The Chomsky–Schützenberger theorem tells us that every context-free language can be described by a regular language, a Dyck language, and a morphism. Since regular languages are closed under homomorphisms (you can try proving this), what this tells us is that what really separates regular languages from context-free languages is the ability to express "nestedness", in the sense of brackets or trees. We will explore this idea by returning to the notion of a machine.

Recall that a finite automaton is limited in two important ways: the input can only be read once and it only has a finite amount of memory. We will be augmenting the NFA to take care of the second problem, by giving it access to a stack with unlimited memory.

Recall that a stack is a data structure in which one can

These are called stacks because of the analogy piling a stack of (plates/books/papers/to-do items). You add items to your metaphorical stack by putting stuff on top and you can only remove items from your stack by taking things off the top.

The idea is that when you read a symbol on the input tape, you also take a symbol off of the stack. The transition depends on three pieces of information: the symbol you read on the input tape, the current state, and the symbol on the top of the stack. These determine what the next state is and what gets put onto the stack. So although the machine now has access to unlimited memory, there are restrictions on how it is able to access this memory.

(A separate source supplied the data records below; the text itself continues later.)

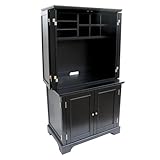 Home Styles Bedford Compact Cabinet Hutch is constructed of hardwood solids and engineered woods in a rich multi-step Ebony finish. Cabinet features include file drawer that accommodates letter or legal size files. Features:Constructed of hardwood solids and engineered woodsRich multi-step Ebony finishFile drawer that accommodates letter or legal size filesKeyboard with ball bearing drawer glides that fully extendAccommodates printerCPU Compartment - with an adjustable shelfHutch features three wire management holes, 2 small three slotted pigeon hole organizers, and three slot letter organizer-slotsSpecificationsDesk size: 38.5"W X 23.75"D x 32"HHutch size: 38"W x 19.75"D x 38"HFile drawer: 21.25"W x 18.5"D x 10"HKeyboard: 32"W x 15"D x 1.75"HPrinter shelf: 23.25"W x 20.75"D x 8.25"HCPU compartment: 9.75"W x 21"D x 18.5"HSmall storage drawer: 7.75"W x 14.5"D x 2.25"HUpper 3 slot letter organizer slots: 13.25"W x 11.75"D x 12.5"H2x3 Small pigeon hole organizers: 6.25"W x 9.75"D x 20.5"H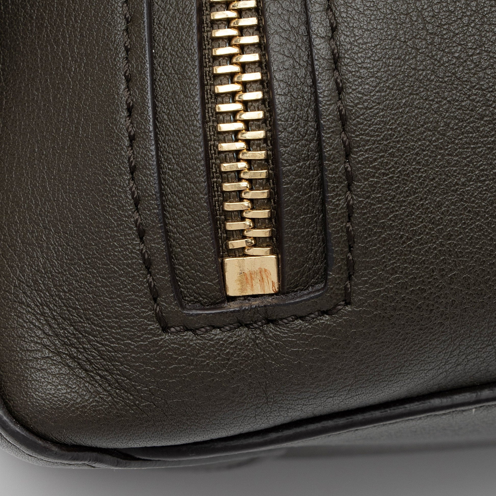 Condition Notes: Subtle scuffs to exterior bottom corners. Light imprint to exterior front front closure hardware. Light surface scratches to hardware. Minor wear throughout interior. Please note: Read product details carefully. This is a dark green bag.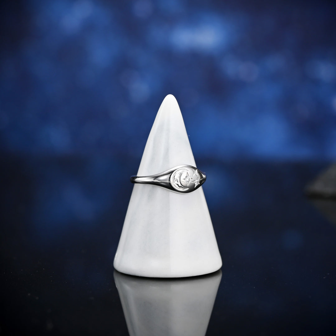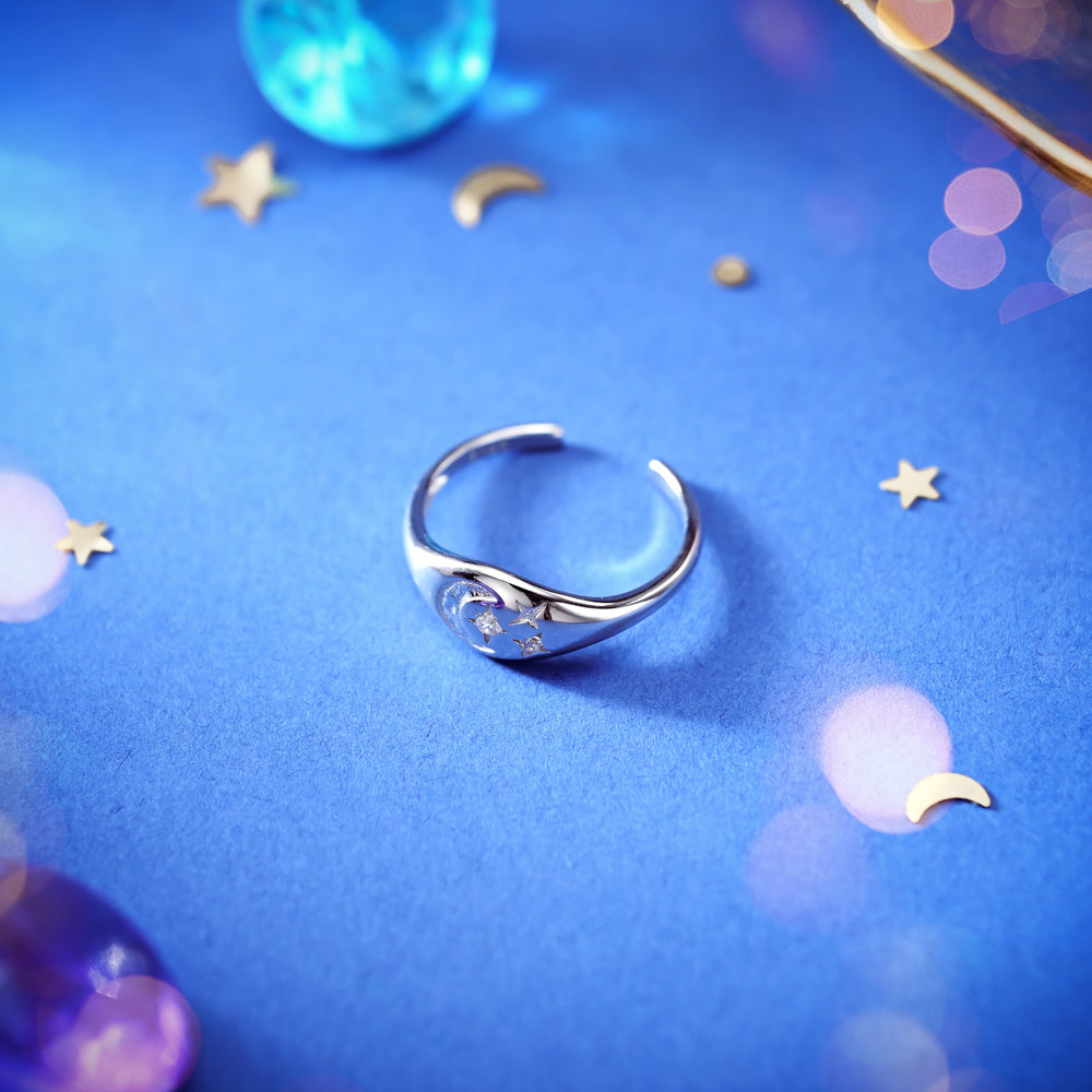 Add a touch of celestial beauty with our Moon and Star Silver Ring. Crafted from high-quality silver, this ring features intricate details of a delicate moon and star design. Elevate your look and embrace the magic of the night sky with this stunning piece.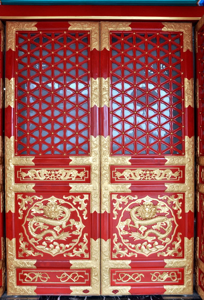 Las Puertas rojas imperiales son elementos recurrentes en los templos y palacios. El color no es exactamente rojo púrpura, sino una combinación entre rojo y naranja. Representa a la nobleza y la autoridad. La puerta roja imperial proyecta a las personas una imagen de solemnidad.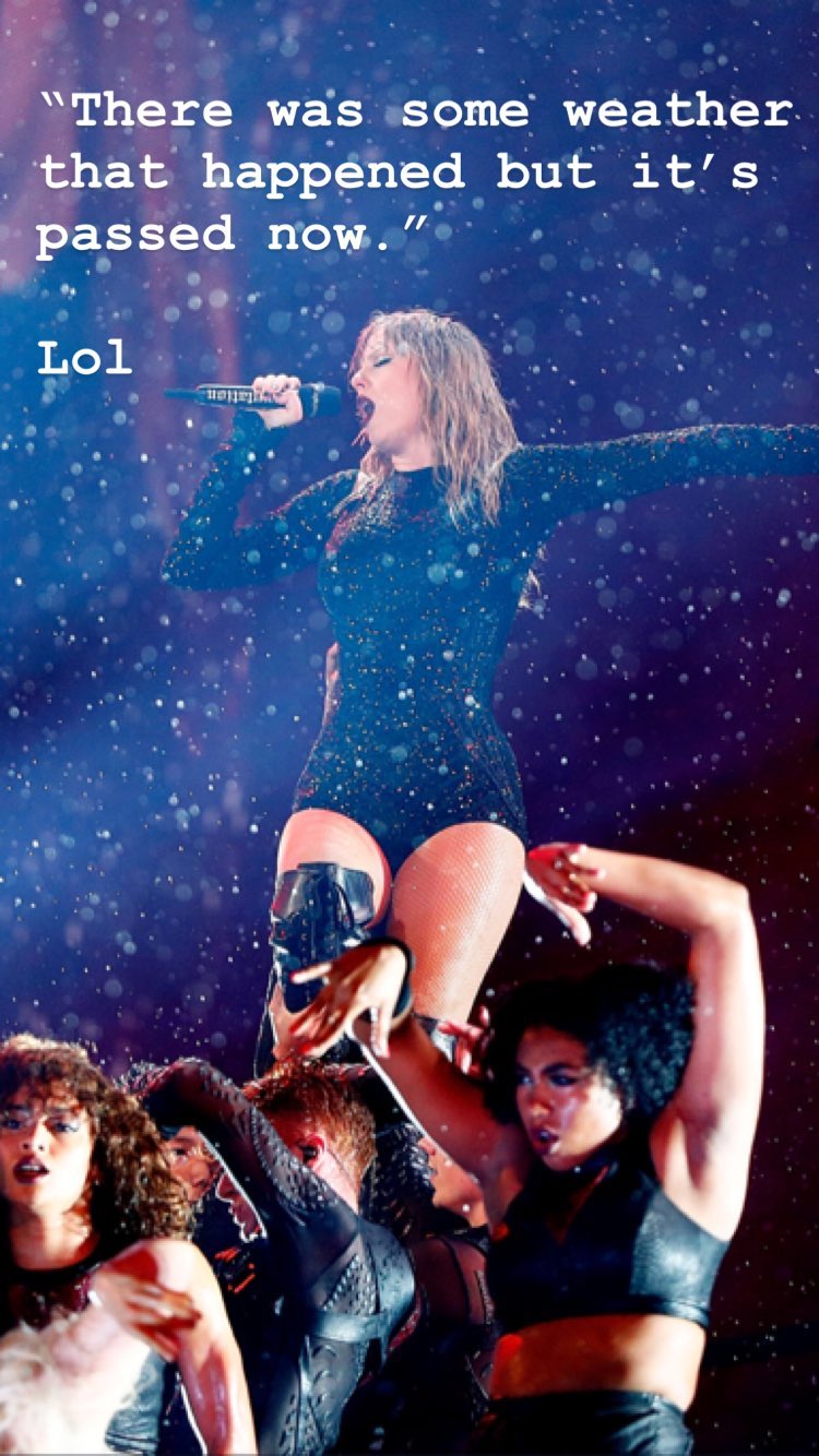 Những hình ảnh trên đều được Taylor Swift đăng lên trên story Instagram. Cô dường như rất vui với việc được đến Sydney, Úc để cùng chung vui với các fan hâm mộ ở xa. Được biết, đây không phải lần đầu tiên Taylor Swift chịu chơi hết mình như vậy dưới cơn mưa, 1 đêm diễn khác cũng mưa tầm tã thế này là tại sân vận động MetLife, New Jersey - show diễn thứ 2 trên lịch trình của Reputation Stadium Tour. Lần đấy, “nàng rắn” nhà ta đã mặc thời tiết mà diễn đến tận 2 tiếng dưới cơn mưa. Có ai yêu fan như cô này đâu chứ, phải không nào?

Going back to the Chomsky-Schützenberger characterization for context-free languages, we can see that a PDA is "almost" an NFA, since all that's changed is having a stack. Of course, the stack is what gives our otherwise-NFA the ability to process nestedness, since stacks are first-in first-out structures.

Much of the fundamental properties of pushdown automata can be attributed to Schützenberger (1963) and Chomsky himself, though many of these discoveries were independently published by others (Oettinger 1961, Evey 1963).

Marcel-Paul Schützenberger was a French mathematician who was one of Chomsky's early collaborators and together they proved many important results about context-free languages. Besides his work with Chomsky, Schützenberger produced many influential results in formal languages and combinatorics on words.

Around this time, research into formal languages and automata theory was picking up and there were all sorts of investigations into modifications and restrictions on grammars and automata. The pushdown automaton is one result of these kinds of questions being pursued.

As an aside, one can think about what other sorts of crazy contraptions you can stick onto a finite automaton. Of course, this really amounts to the question of changing how we're allowed to access unlimited amounts of memory. Since our stack has infinite memory, it's clear that what's limiting its power is how we're allowed to access this memory. What happens if we add more restrictions? What happens if we loosen some restrictions?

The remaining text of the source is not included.